Segment Start: Source information

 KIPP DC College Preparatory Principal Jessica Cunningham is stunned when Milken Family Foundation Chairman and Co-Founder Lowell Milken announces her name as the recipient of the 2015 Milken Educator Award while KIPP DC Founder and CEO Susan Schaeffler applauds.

Segment End: Source information
Segment Start: Source information

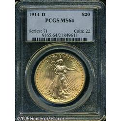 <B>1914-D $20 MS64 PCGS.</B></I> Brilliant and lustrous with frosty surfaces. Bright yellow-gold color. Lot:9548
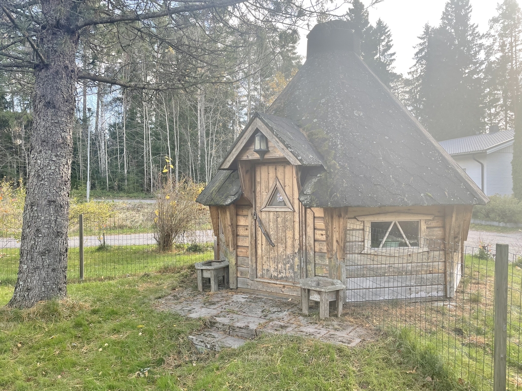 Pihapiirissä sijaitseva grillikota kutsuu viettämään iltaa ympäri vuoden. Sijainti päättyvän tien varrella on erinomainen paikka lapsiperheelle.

Segment End: Source information

§ **Exercise prompt**: Would you output only the span of the records above that opens with the line containing "<B>1914-D $20 MS64" and closes with the line containing "Pihapiirissä sijaitseva grillikota", ends included and pictures dropped?

§ **Completed task**:
 <B>1914-D $20 MS64 PCGS.</B></I> Brilliant and lustrous with frosty surfaces. Bright yellow-gold color. Lot:9548
 Pihapiirissä sijaitseva grillikota kutsuu viettämään iltaa ympäri vuoden. Sijainti päättyvän tien varrella on erinomainen paikka lapsiperheelle.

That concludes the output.